Note: If your head does not reach the ground or if you feel discomfort, use a support pillow.

2. Cat

Cat

The cat pose, known in yoga as “Bidalasana,” is a complete exercise that reduces tension on the back and cervicals. Due to the movements, it involves, it favors the use of synovial fluid to keep the spine flexible and healthy.

What Should You Do?

  • Pulling from the child’s position, get up. Stretch your arms and arch your spine upwards (like a cat).
  • Keep your head down, like you’re trying to touch your belly with your forehead. Also, keep your knees and top of your feet off the ground.
  • Next, straighten your back and hold it steady for a few seconds. At the similar time, raise your head and look forward.
  • Go from one position to another, with slow movements and doing breathing exercises. For example, inhale in the first position and exhale in the next.

3. Triangle

Triangle

The triangle pose or ” Trikonasana” is a yoga exercise to relieve back and neck pain. It also gives greater flexibility to the hips and spine, helping to avoid the risk of injury.

What Should You Do?

  • First, stand up and spread your legs slightly more than shoulder-width apart.
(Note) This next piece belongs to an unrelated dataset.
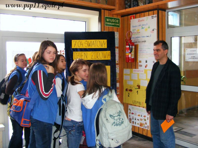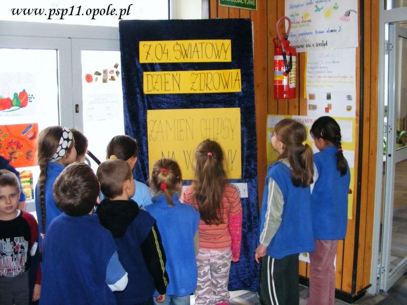 W dniu dzisiejszym obchodzony jest Światowy Dzień Zdrowia. W naszej szkole przebiega on pod hasłem "Zamień czipsy na witaminy". W holu szkoły wystawione zostały prace plastyczne wykonane przez uczniów klas IVa i IV b na lekcjach wychowania zdrowotnego. Pani Iwona Dekiela omawiała na lekcjach tematykę zdrowego żywienia, prawidłowego komponowaniqa posiłków, zwracała szczególną uwagę na produkty małowartościowe, których składniki nie zawsze służą zdrowiu młodego człowieka.
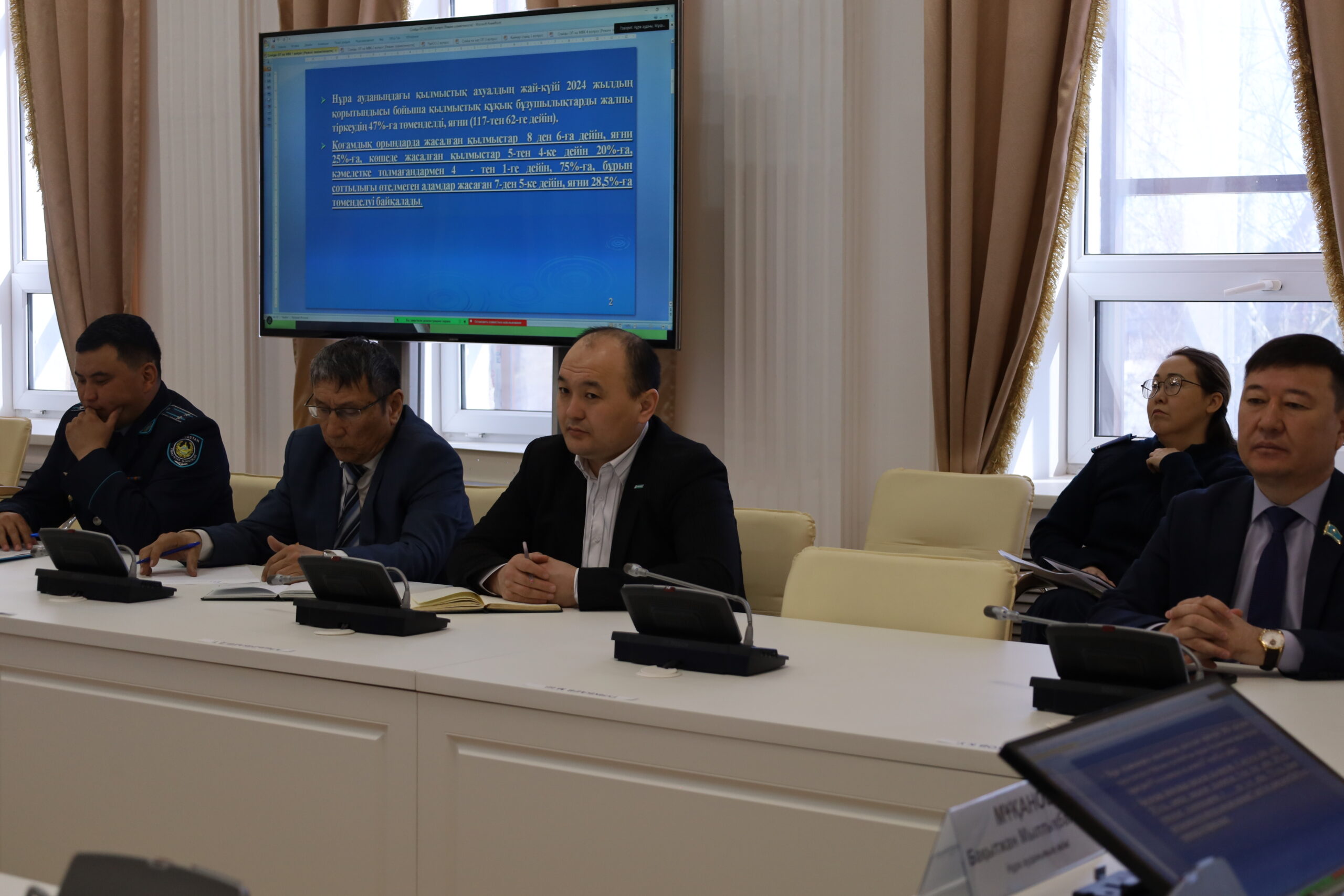 - Об итогах работы отдела полиции Нуринского района и местной полицейской службы отдела полиции района по профилактике правонарушений и преступлений на территории Нуринского района за 2024 год;

Then, touch the left leg with the hand on the same side.
  • Next, stretch your right arm toward the ceiling, just as your head.
  • Try to keep your left leg straight and the other slightly bent.
  • Finally, repeat the exercise to the opposite side and rest.

4. Grasshopper Posture

Grasshopper Posture

The “Salabhasana” or grasshopper posture is a whole exercise to stretch and relax the muscle groups of the body. Since it fully stretches the spine, it favors the relief of back pain. Besides, it allows working the abdomen and shoulders.

What Should You Do?

  • First, lie face down on the yoga mat, resting on your waist.
  • Then raise your legs and chest so that they cannot touch the ground.
  • Hold onto your arms at your sides, with your fingers pointing toward the back of your body.
  • Grip for 20 to 30 seconds, breathing normally.

5. Pigeon Yoga Routine Or Posture

Pigeon Yoga Routine Or Posture

The pigeon posture or “Salamba Kapotasana” is a problematic yoga workout to get rid of spinal pain. It includes movements that increase the flexibility and strength of the muscles surrounding the spine. In turn, it strengthens the glutes, hamstrings, and twins.

What Should You Do?

  • First, get down on your knees and place one leg bent forward.
  • Stretch the other leg back and put your hands on the floor at the sides of the body.
  • Next, you must stretch your groin to the ground. To do this, move the heel away from the bent leg and lift the knee. Also, contract the gluteus so that it does not “pry.”
  • Bring the coccyx towards the pubis, tighten the abdomen, and bring the shoulder blades together to direct them towards the coccyx. To finish, stretch your arms over your head with your palms together.

Note: To decrease pressure on the hip, push with your hands on the floor.

As you can see, the yoga routine to relieve back pain is very simple and does not require much experience. But you have to find a quiet and comfortable place where you can focus 100%.